- Euler Finance hacker sent a message to an Ethereum (ETH) address associated with the DeFi platform.
- The price of EUL surged after hacker’s transactions.
On March 20, Euler Finance hacker sent a message to an Ethereum (ETH) address associated with the DeFi platform. In response, Euler issued an on-chain ultimatum demanding the return of the funds. The hacker then offered to start a dialogue to resolve the situation.
After several hours, an on-chain response was issued by Euler, acknowledging the message and requesting the exploiter to communicate “in private.”
On March 13, Cryptopolitan reported that a flash loan exploit drained approximately $196.9 million in various cryptocurrencies from the DeFi platform Euler. Also, Euler Finance saw a substantial attack on their platform take place, resulting in the theft of $8.7 million worth of DAI stablecoin, $18.5 million of Wrapped Bitcoin (WBTC), and large amounts of Staked Ethereum (stETH) and USD Coin (USDC) totaling over $135.8 million and $33.8 million respectively.

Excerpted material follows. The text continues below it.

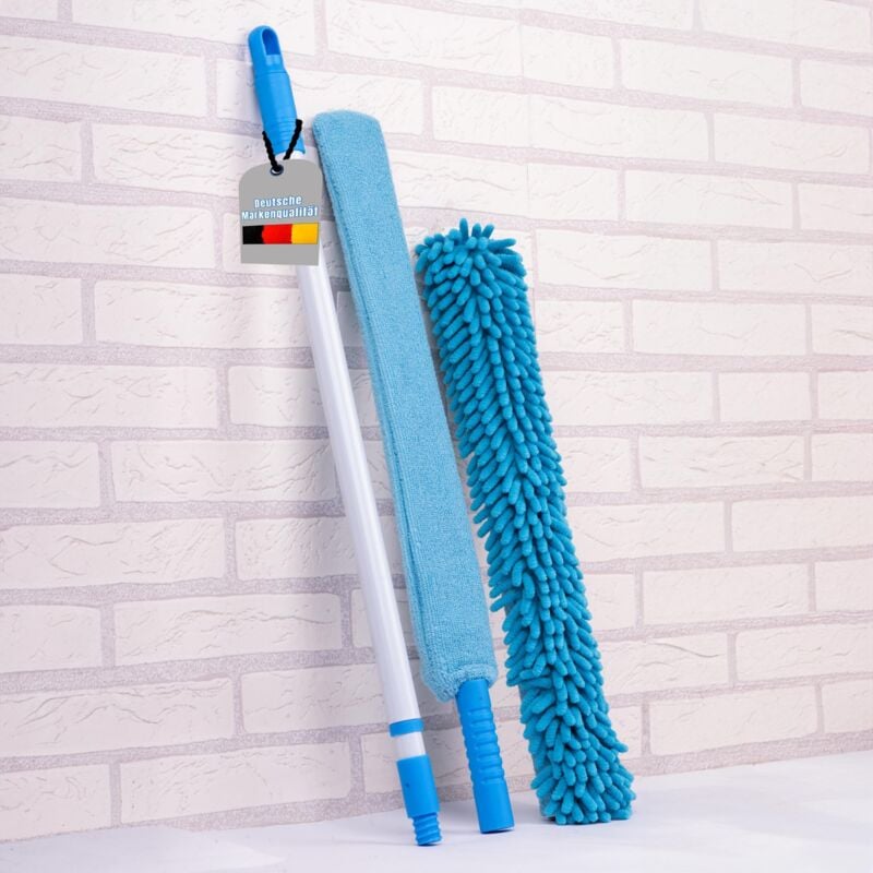 Spolverate in un batter d'occhio con il piumino di Limpando. Il piumino lungo e piatto pone fine alle trappole della polvere in angoli, pareti e, soprattutto, mobili difficili da raggiungere.Per persone allergiche alla polvere, la microfibra che cattura la polvere è una benedizione.Le particelle di sporco e polvere più fini sono attratte magneticamente e non semplicemente sollevate e ridistribuite nell'aria.Il risultato sono armadi, tavoli e altri mobili spolverati in pochissimo tempo.Un vero miracolo della polvere.L'asta con interno in metallo nella testa del piumino può essere piegata più volte intorno agli angoli, liberando anche le aree ad angolo doppio dalla sporcizia.L'asta di metallo permette una pulizia energica senza che la forma si pieghi nuovamente, come accade con molti altri semplici piumini.Gli spazi vuoti e gli angoli degli armadi possono essere puliti più facilmente.Il piumino, grazie all'impugnatura maneggevole, è adatto anche per la temporanea sostituzione di uno

In response, the platform offered the hacker a 10% reward for the stolen sum (over $200 million) if they returned all funds within 24 hours. When this failed, Euler Finance announced a $1 million reward for information on the hacker and the return of all stolen funds.
On March 16, the hacker transferred 1,000 ETH (worth $1.74 million at the time of writing) associated with the Euler exploit to the Tornado Cash mixing service in 10 separate transactions. Subsequently, on March 18, 3000 ETH was sent back to Euler Finance from the same wallet address. Additionally, funds were also directed to a possible victim of the exploit.
Johannes, a crypto Twitter user, noted that EUL’s price increased by 70% only minutes after the transactions occurred, from $2.3 to $3.95. Johannes speculated that the hacker might have been mocking the Euler team for others to benefit should the funds be returned. Additionally, the language used by the exploiter indicates that multiple persons are involved in the loot. Previously, blockchain analytics firm Chainalysis reported that the wallet address to which 100 ETH was transferred had ties to North Korea, leading them to believe it could have been a deliberate attempt to deceive investigators.